Task requirements:
Omit the pictures and print exactly the lines of the listing below, starting at the first and ending at the line containing "المبهج والهادئ معًا".

Material for this task:
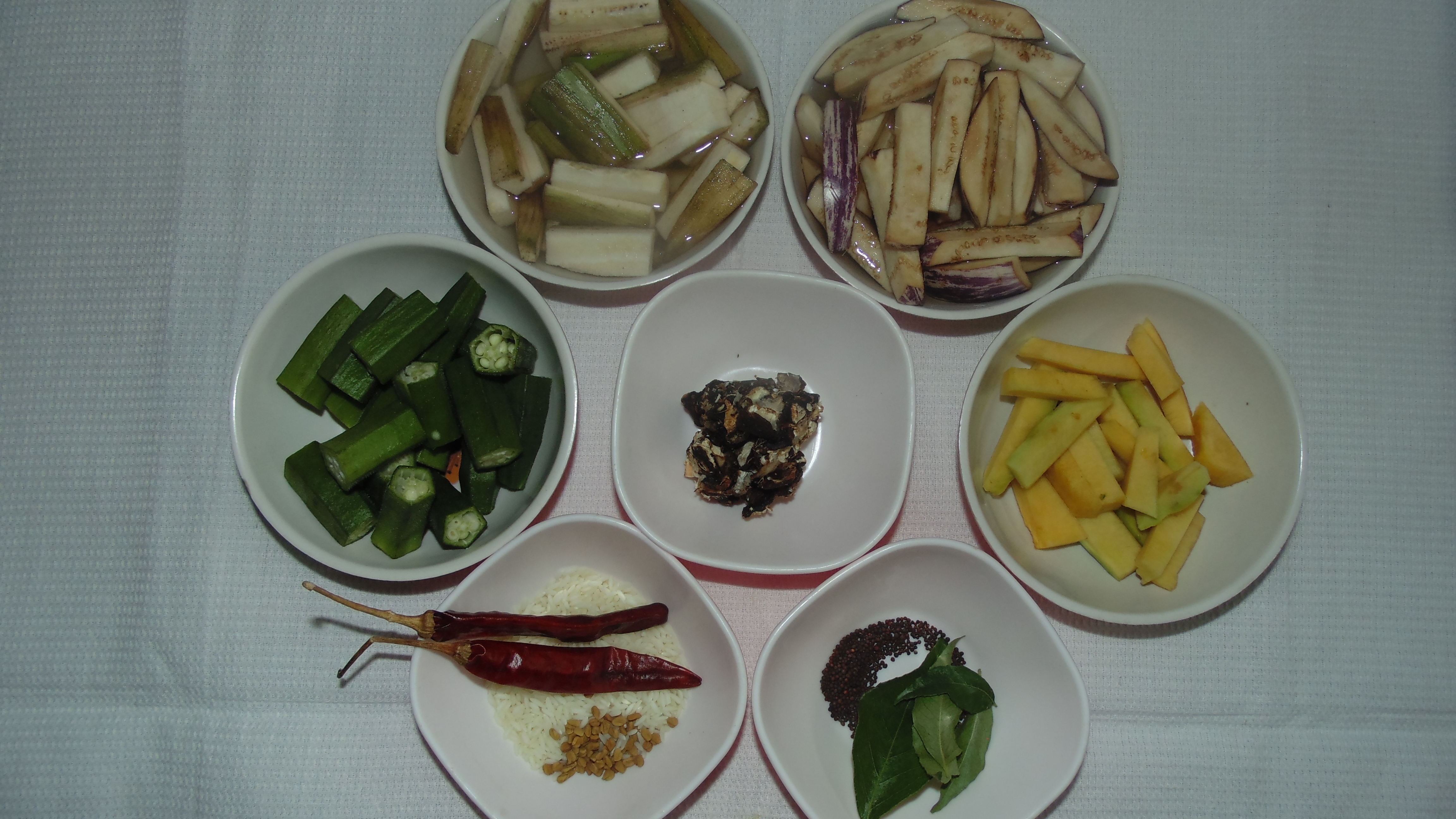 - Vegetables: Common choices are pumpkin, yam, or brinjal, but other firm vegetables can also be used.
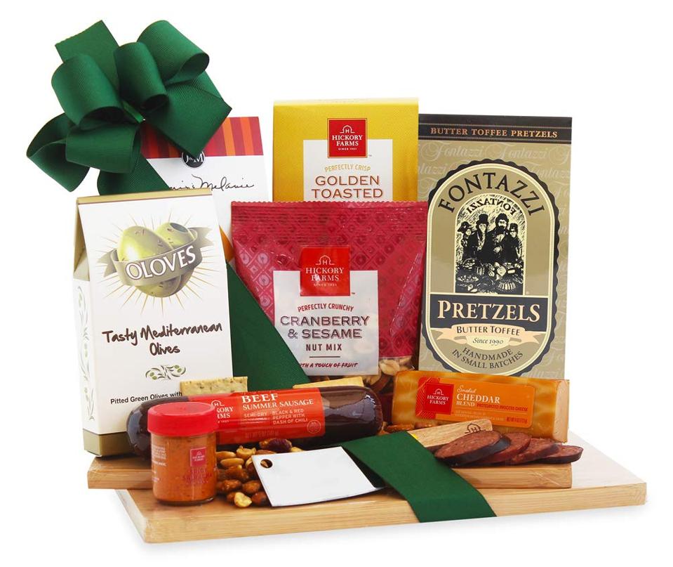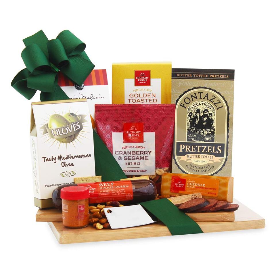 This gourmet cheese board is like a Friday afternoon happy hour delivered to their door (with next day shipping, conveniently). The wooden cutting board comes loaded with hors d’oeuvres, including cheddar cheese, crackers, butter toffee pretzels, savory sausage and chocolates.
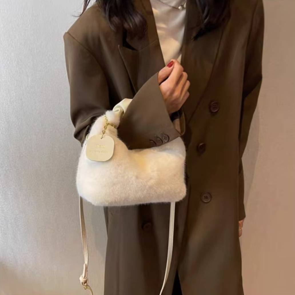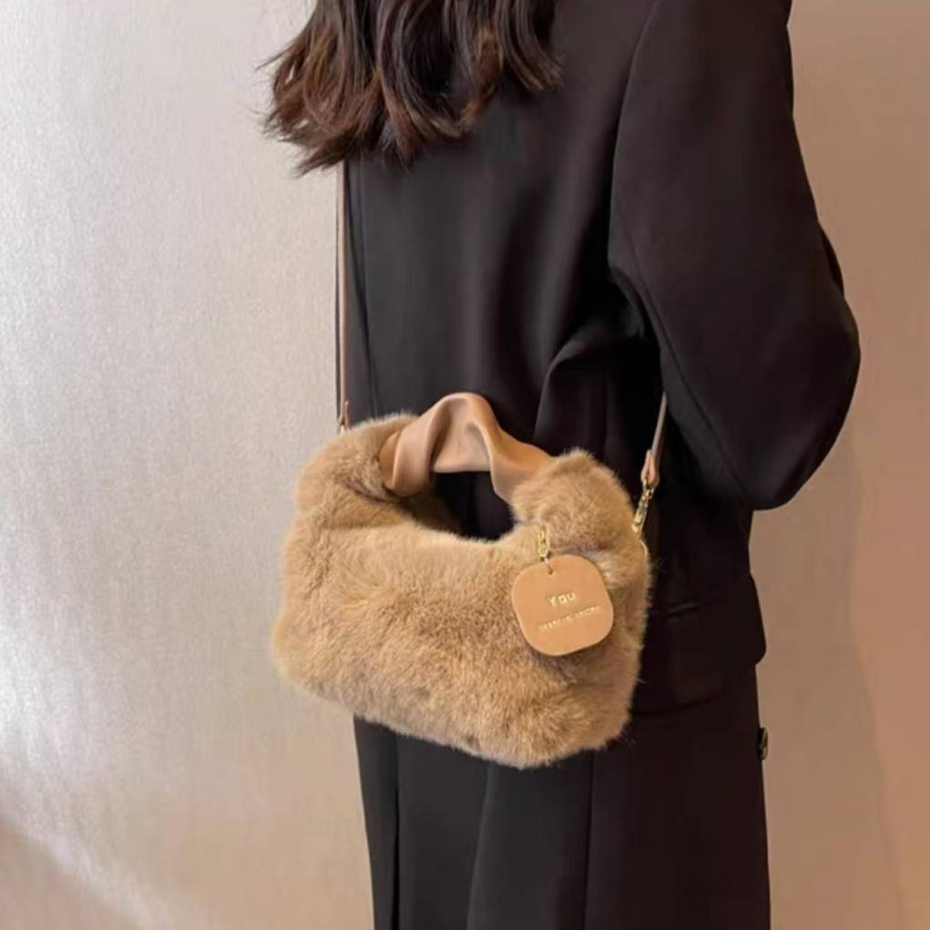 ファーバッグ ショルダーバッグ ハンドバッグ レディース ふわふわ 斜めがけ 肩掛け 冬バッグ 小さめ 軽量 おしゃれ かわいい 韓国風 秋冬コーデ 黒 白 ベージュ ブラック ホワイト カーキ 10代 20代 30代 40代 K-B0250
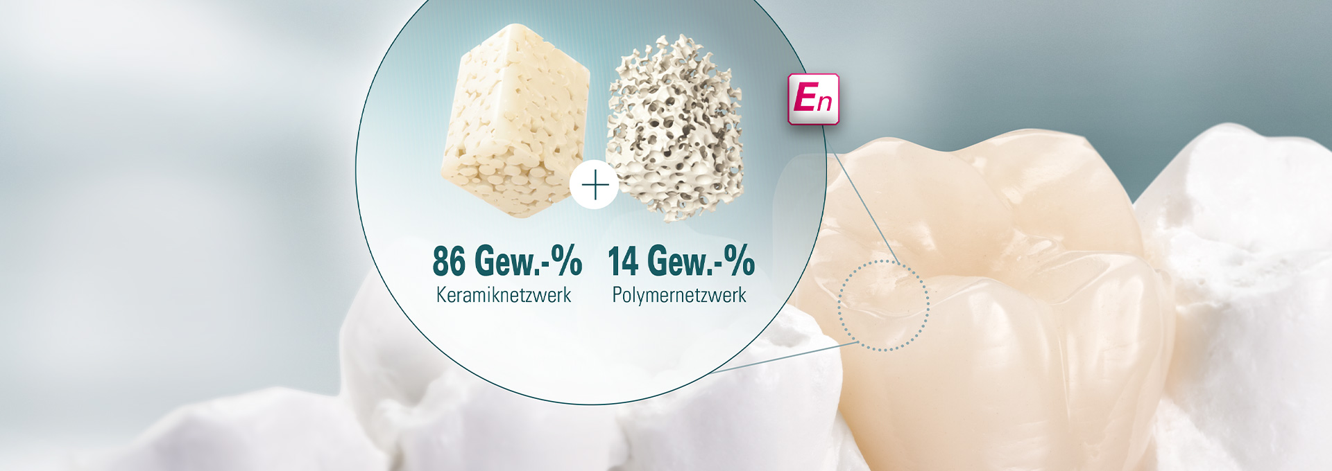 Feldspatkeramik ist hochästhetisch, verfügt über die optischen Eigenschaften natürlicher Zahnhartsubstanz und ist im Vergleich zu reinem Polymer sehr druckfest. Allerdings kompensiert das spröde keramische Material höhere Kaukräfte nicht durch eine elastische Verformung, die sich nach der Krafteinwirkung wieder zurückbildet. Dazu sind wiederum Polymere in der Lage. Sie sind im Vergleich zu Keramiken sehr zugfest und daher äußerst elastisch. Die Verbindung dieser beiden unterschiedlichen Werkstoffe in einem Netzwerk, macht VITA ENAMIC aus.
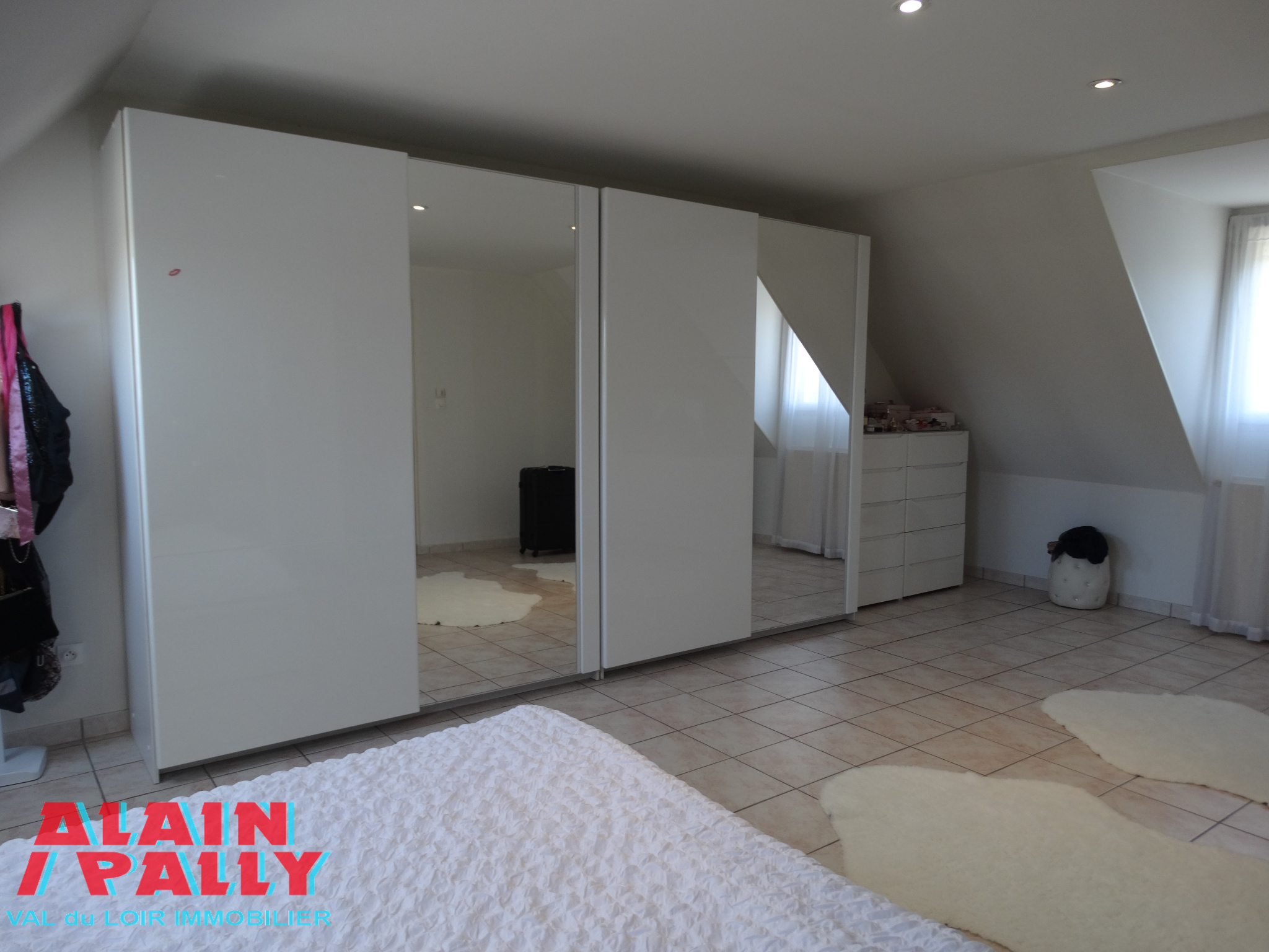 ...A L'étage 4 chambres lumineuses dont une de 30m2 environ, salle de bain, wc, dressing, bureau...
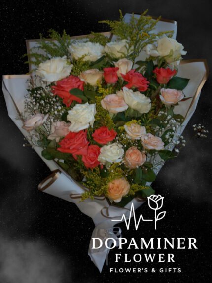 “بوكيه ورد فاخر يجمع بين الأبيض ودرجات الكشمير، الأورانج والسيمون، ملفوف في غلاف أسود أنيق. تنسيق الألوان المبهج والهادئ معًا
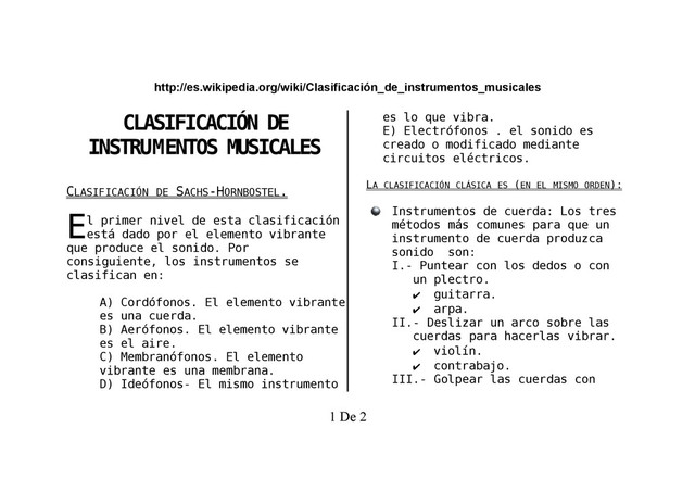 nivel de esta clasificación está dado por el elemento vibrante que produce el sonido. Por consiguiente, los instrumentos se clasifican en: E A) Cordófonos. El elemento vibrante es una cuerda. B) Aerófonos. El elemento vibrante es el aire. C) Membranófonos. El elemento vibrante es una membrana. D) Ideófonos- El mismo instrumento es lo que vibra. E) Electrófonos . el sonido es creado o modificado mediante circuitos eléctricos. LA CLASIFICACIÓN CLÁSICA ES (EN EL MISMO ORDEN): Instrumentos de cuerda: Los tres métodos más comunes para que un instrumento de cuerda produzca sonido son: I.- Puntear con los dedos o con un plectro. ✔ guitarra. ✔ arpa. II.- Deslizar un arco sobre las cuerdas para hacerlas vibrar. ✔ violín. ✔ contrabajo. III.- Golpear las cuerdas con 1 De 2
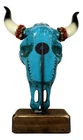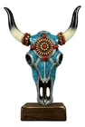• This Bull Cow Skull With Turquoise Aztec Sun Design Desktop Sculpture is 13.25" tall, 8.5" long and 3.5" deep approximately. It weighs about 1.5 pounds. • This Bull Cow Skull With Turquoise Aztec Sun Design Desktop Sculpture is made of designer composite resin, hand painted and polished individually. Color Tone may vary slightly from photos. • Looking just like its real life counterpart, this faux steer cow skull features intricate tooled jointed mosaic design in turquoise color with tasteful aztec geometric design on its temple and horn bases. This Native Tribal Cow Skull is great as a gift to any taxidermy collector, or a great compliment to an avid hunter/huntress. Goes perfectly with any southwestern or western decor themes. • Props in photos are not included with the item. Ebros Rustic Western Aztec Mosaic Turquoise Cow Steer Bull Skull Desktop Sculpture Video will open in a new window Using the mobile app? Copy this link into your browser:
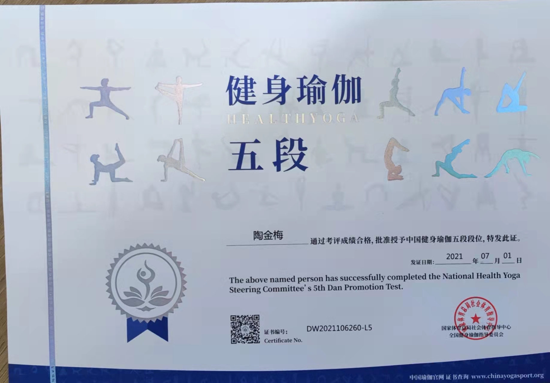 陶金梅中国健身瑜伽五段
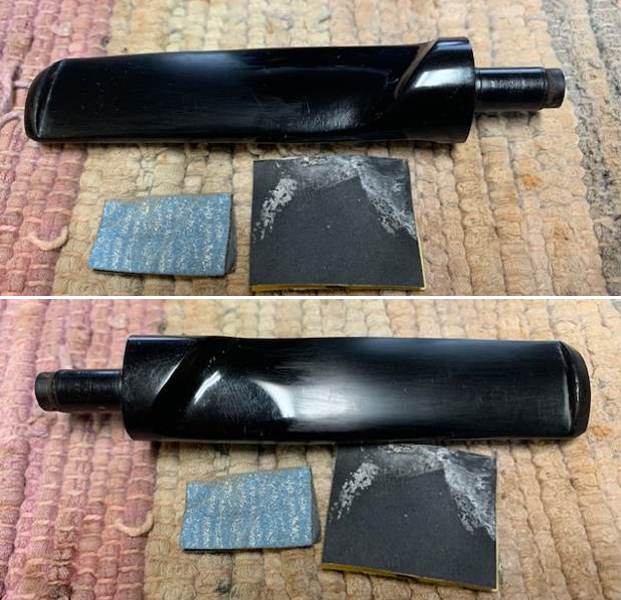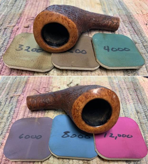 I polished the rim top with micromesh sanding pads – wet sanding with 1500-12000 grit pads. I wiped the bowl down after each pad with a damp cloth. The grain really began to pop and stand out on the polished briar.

Exercise result:
 - Vegetables: Common choices are pumpkin, yam, or brinjal, but other firm vegetables can also be used.
 This gourmet cheese board is like a Friday afternoon happy hour delivered to their door (with next day shipping, conveniently). The wooden cutting board comes loaded with hors d’oeuvres, including cheddar cheese, crackers, butter toffee pretzels, savory sausage and chocolates.
 ファーバッグ ショルダーバッグ ハンドバッグ レディース ふわふわ 斜めがけ 肩掛け 冬バッグ 小さめ 軽量 おしゃれ かわいい 韓国風 秋冬コーデ 黒 白 ベージュ ブラック ホワイト カーキ 10代 20代 30代 40代 K-B0250
 Feldspatkeramik ist hochästhetisch, verfügt über die optischen Eigenschaften natürlicher Zahnhartsubstanz und ist im Vergleich zu reinem Polymer sehr druckfest. Allerdings kompensiert das spröde keramische Material höhere Kaukräfte nicht durch eine elastische Verformung, die sich nach der Krafteinwirkung wieder zurückbildet. Dazu sind wiederum Polymere in der Lage. Sie sind im Vergleich zu Keramiken sehr zugfest und daher äußerst elastisch. Die Verbindung dieser beiden unterschiedlichen Werkstoffe in einem Netzwerk, macht VITA ENAMIC aus.
 ...A L'étage 4 chambres lumineuses dont une de 30m2 environ, salle de bain, wc, dressing, bureau...
 “بوكيه ورد فاخر يجمع بين الأبيض ودرجات الكشمير، الأورانج والسيمون، ملفوف في غلاف أسود أنيق. تنسيق الألوان المبهج والهادئ معًا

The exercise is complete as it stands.